Exercise brief. Pictures stay out; everything else from the first line of the entries down through the line with "文艺演出结束后,还进行了传统" gets copied exactly.

*****

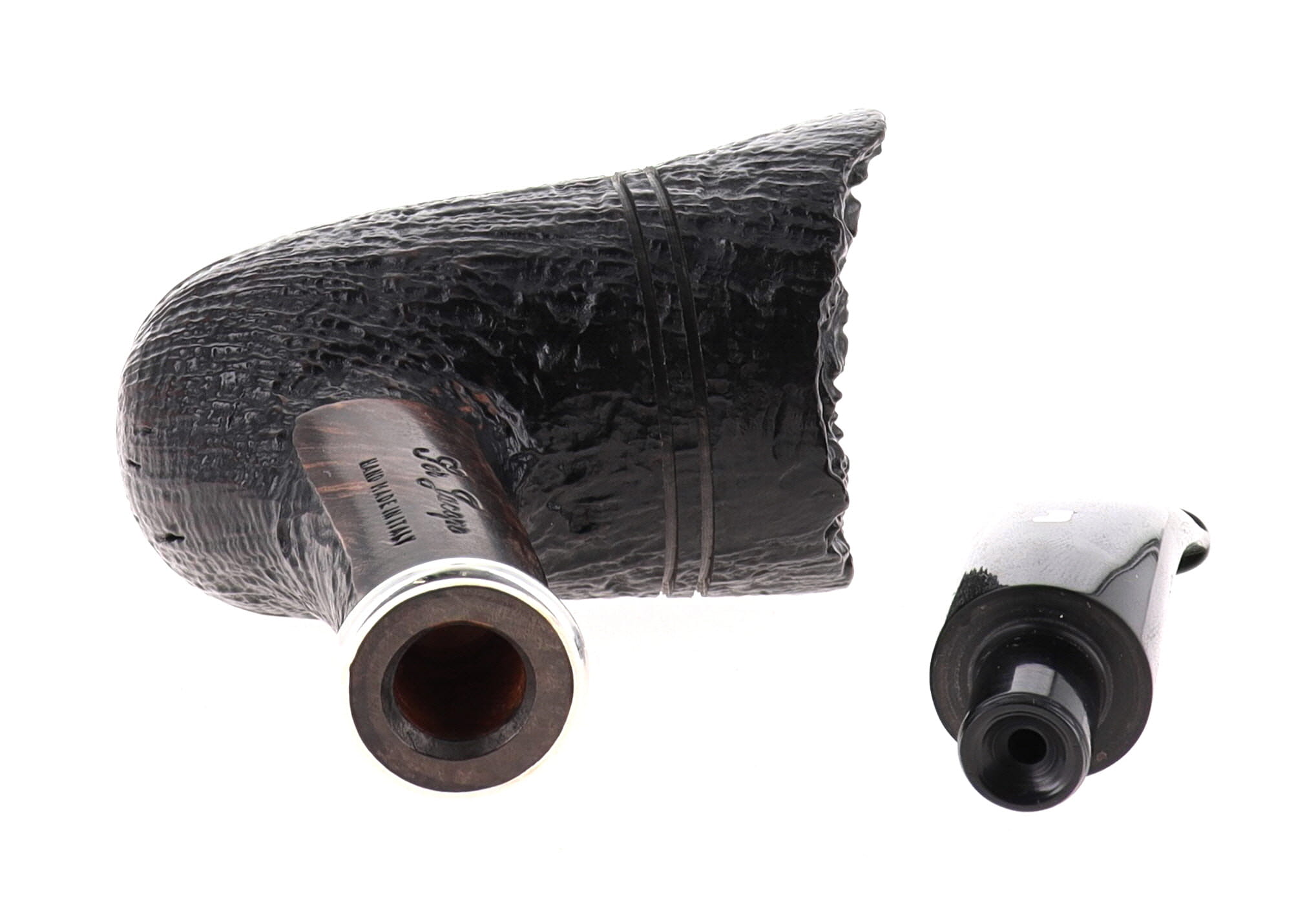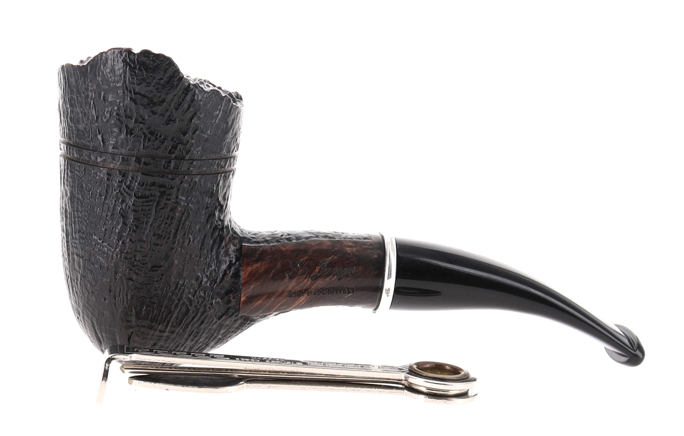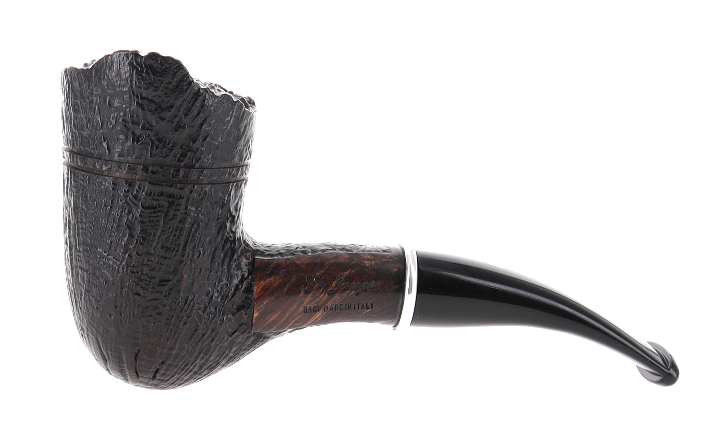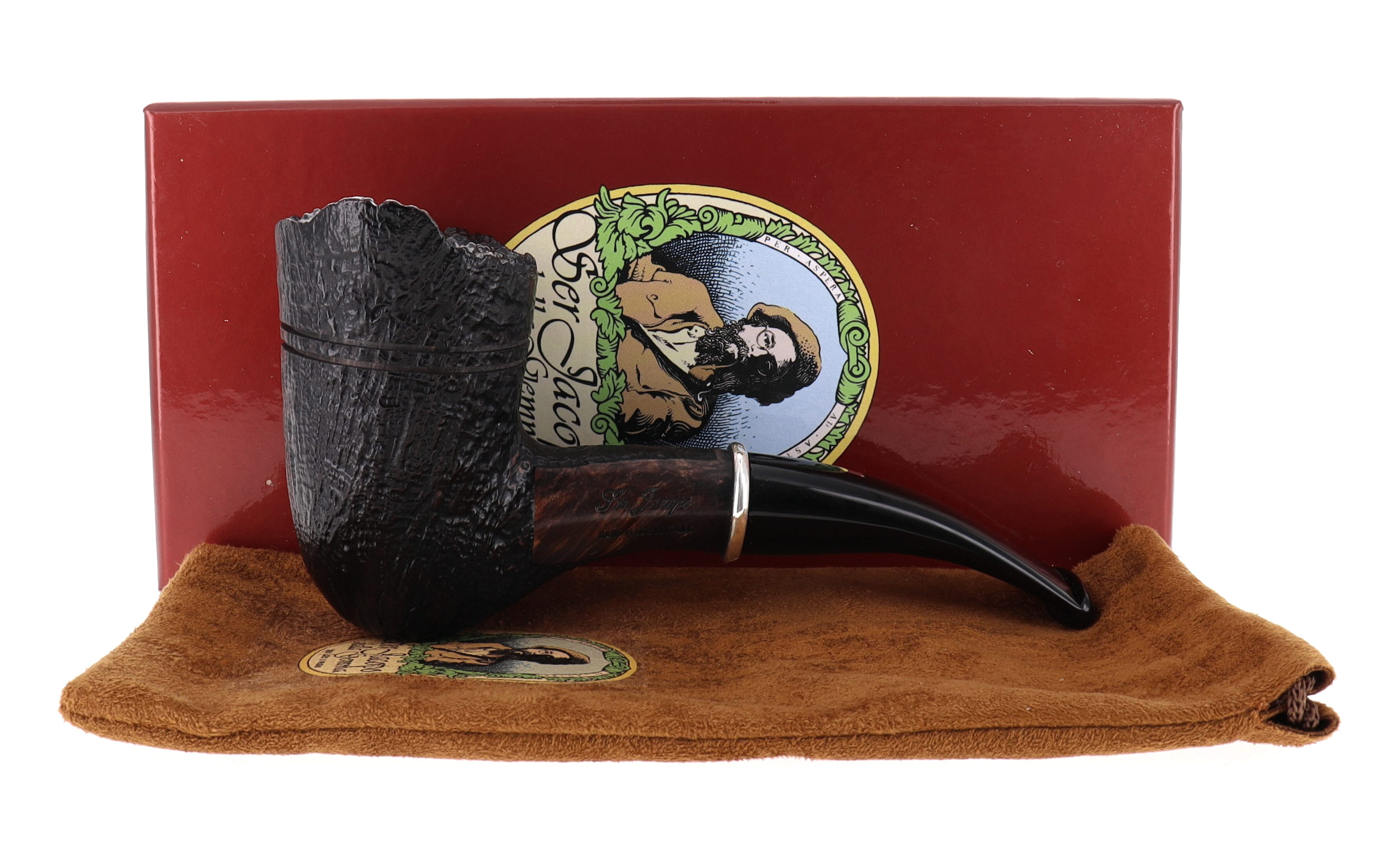 Pipe Ser Jacopo della Gemma 515 S1 C FOEDA 2, dark sandblasted finishing, shape magnum dublin barktop with silver ring, methacrylate mouthpiece. In Original box with sock. Perfect, new, never smoked. Handmade in Italy.
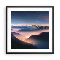 Plakat w czarnej ramie - Światło w dolinach - 60x60 cm
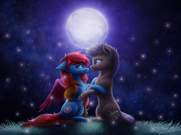 Вечер, дела по дому сделаны и я предложил милой Флаттершай прогуляться, согласилась без раздумий, тем более с кем оставить младших жеребят вопроса не было, старшего они слушались беспрекословно как меня.
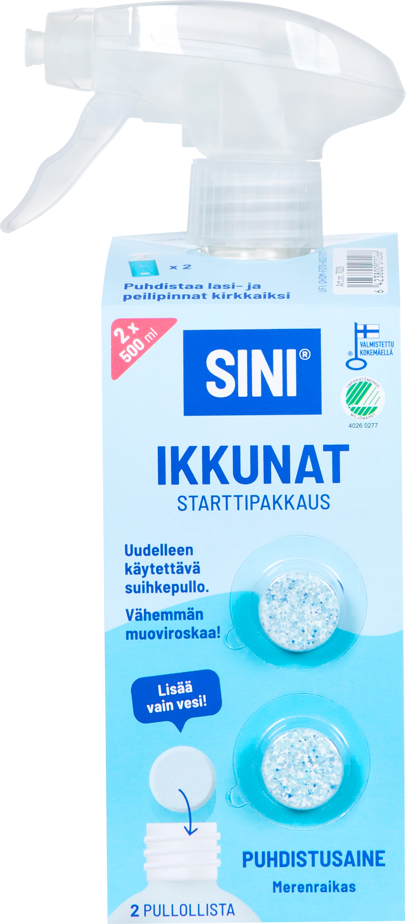 Sini Ikkunat puhdistusainetabletti, starttipakkaus: pullo + 2 tablettia
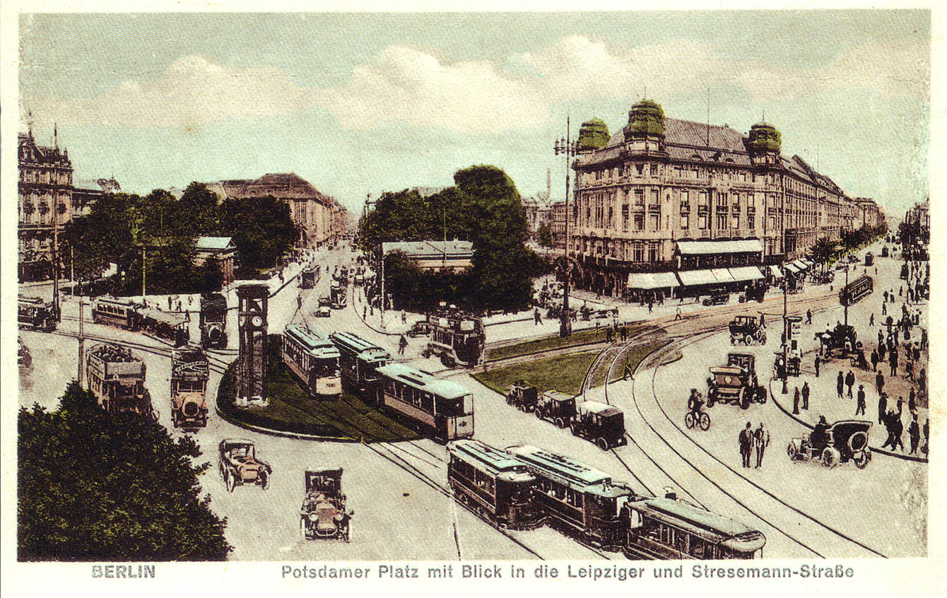 Forse non tutti sanno che in questa piazza è stato utilizzato il primo semaforo del mondo (non per niente nei negozi di souvenir trovate dappertutto gli omini neri su sfondo rosso e verde!). Nozioni da guida turistica a parte, questa piazza è un punto nevralgico della Berlino ante-1939, un animato crocevia dove già nel 1908 transitano 35 linee tranviarie ed è insediata la stazione di testa di una delle più importanti linee ferroviarie nazionali e internazionali. Potsdamer Platz in questa fase è dunque il simbolo della modernità e della vivacità economica della capitale tedesca.
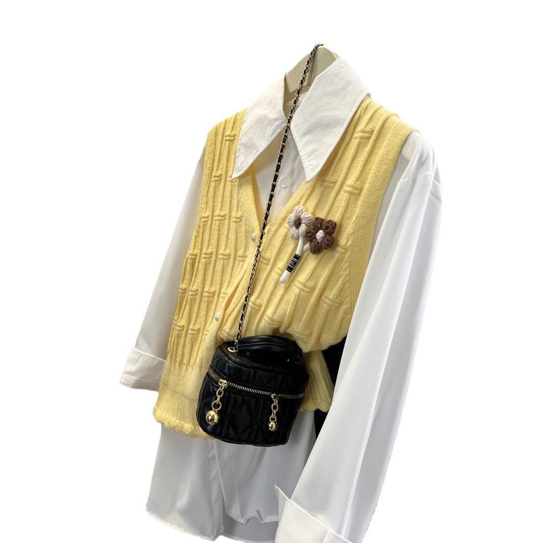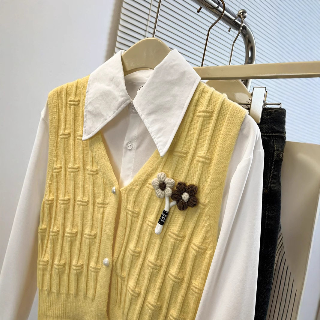 法式针织马甲背心女2025春秋新款时尚外搭毛衣叠穿衬衫两件套上衣
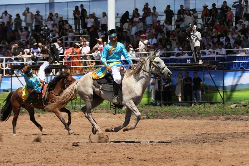 文艺演出结束后,还进行了传统的那达慕赛事项目。赛马场上群马奔腾,场面蔚为壮观,骑手们精湛的骑术赢得观众阵阵欢呼。摔跤场上,搏克手你来我往,互不相让,斗智斗勇。射箭场上,男女射手一比高低。
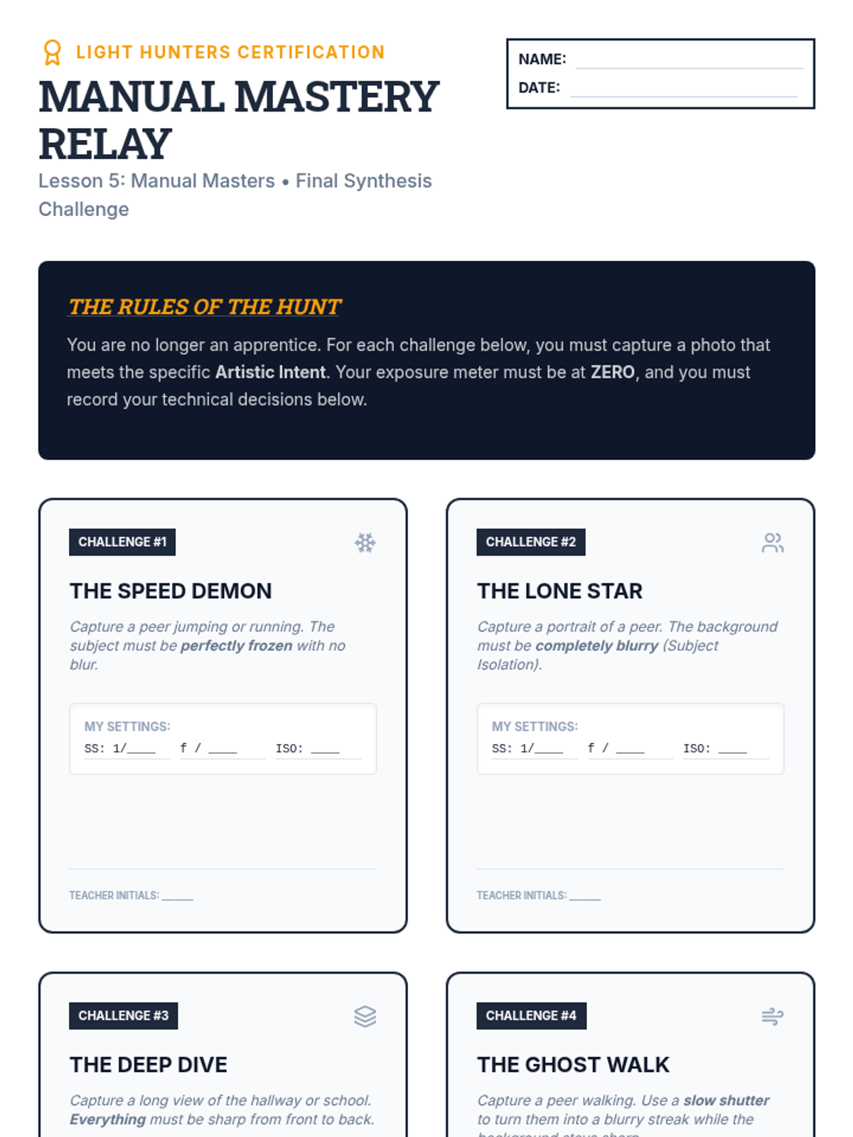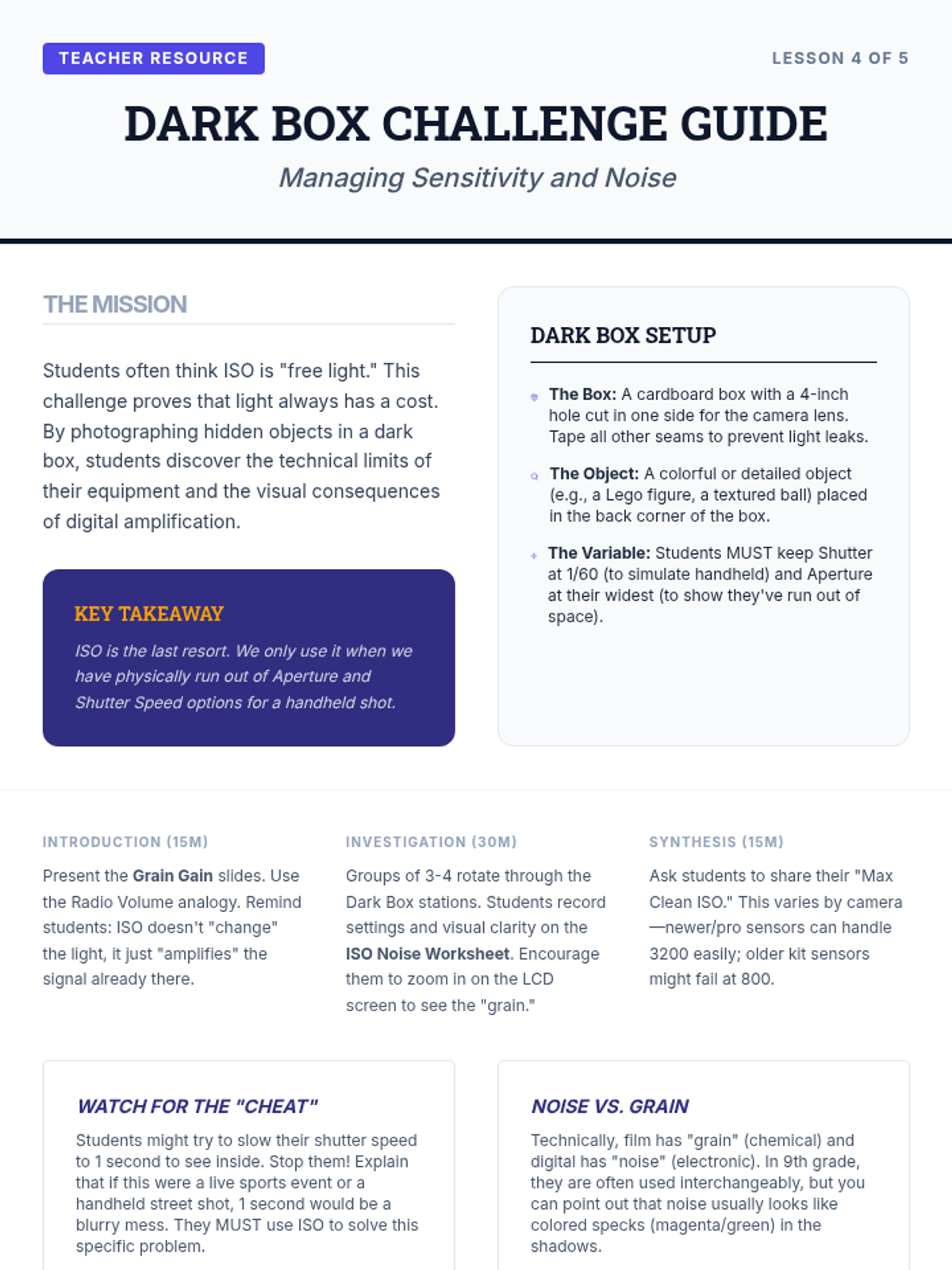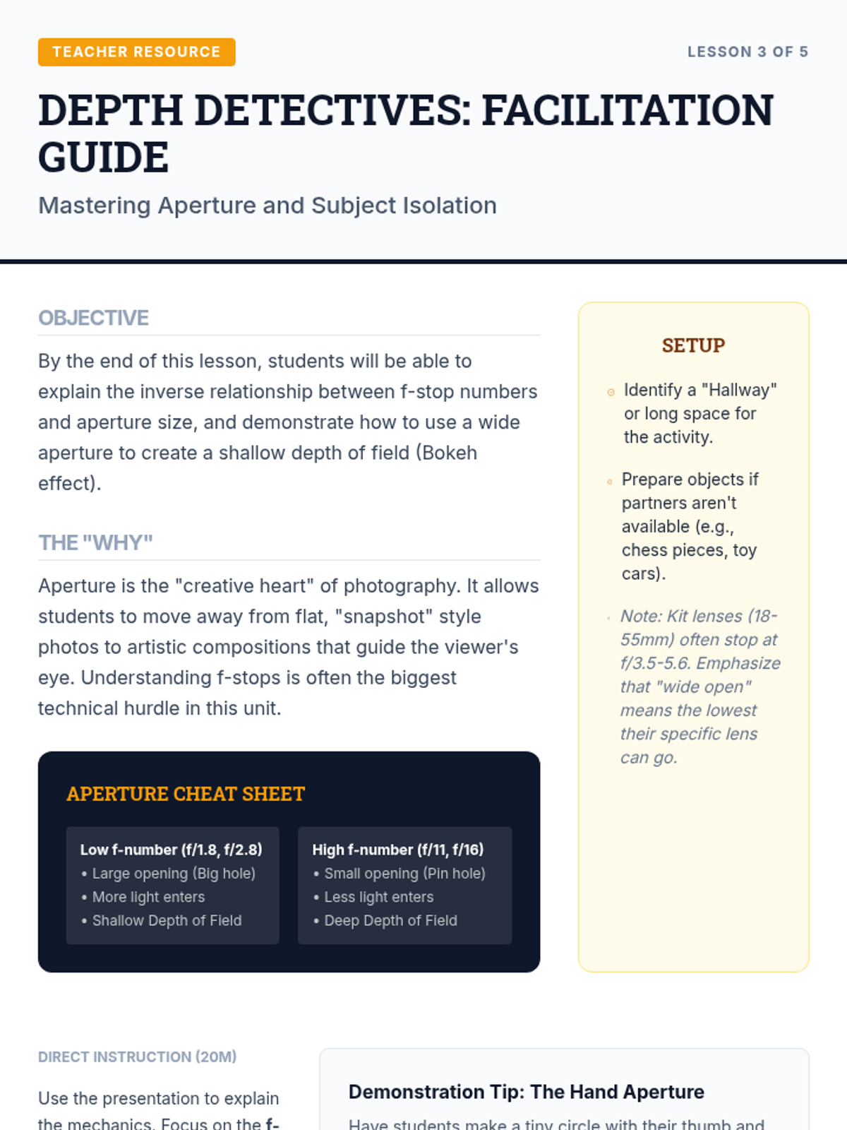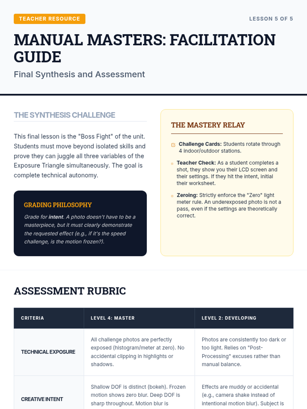 A comprehensive 9th-grade photography sequence that demystifies the Exposure Triangle: Aperture, Shutter Speed, and ISO. Students progress from diagnosing exposure errors to mastering manual control through hands-on experiments and artistic challenges.

*****

Task response.
 Pipe Ser Jacopo della Gemma 515 S1 C FOEDA 2, dark sandblasted finishing, shape magnum dublin barktop with silver ring, methacrylate mouthpiece. In Original box with sock. Perfect, new, never smoked. Handmade in Italy.
 Plakat w czarnej ramie - Światło w dolinach - 60x60 cm
 Вечер, дела по дому сделаны и я предложил милой Флаттершай прогуляться, согласилась без раздумий, тем более с кем оставить младших жеребят вопроса не было, старшего они слушались беспрекословно как меня.
 Sini Ikkunat puhdistusainetabletti, starttipakkaus: pullo + 2 tablettia
 Forse non tutti sanno che in questa piazza è stato utilizzato il primo semaforo del mondo (non per niente nei negozi di souvenir trovate dappertutto gli omini neri su sfondo rosso e verde!). Nozioni da guida turistica a parte, questa piazza è un punto nevralgico della Berlino ante-1939, un animato crocevia dove già nel 1908 transitano 35 linee tranviarie ed è insediata la stazione di testa di una delle più importanti linee ferroviarie nazionali e internazionali. Potsdamer Platz in questa fase è dunque il simbolo della modernità e della vivacità economica della capitale tedesca.
 法式针织马甲背心女2025春秋新款时尚外搭毛衣叠穿衬衫两件套上衣
 文艺演出结束后,还进行了传统的那达慕赛事项目。赛马场上群马奔腾,场面蔚为壮观,骑手们精湛的骑术赢得观众阵阵欢呼。摔跤场上,搏克手你来我往,互不相让,斗智斗勇。射箭场上,男女射手一比高低。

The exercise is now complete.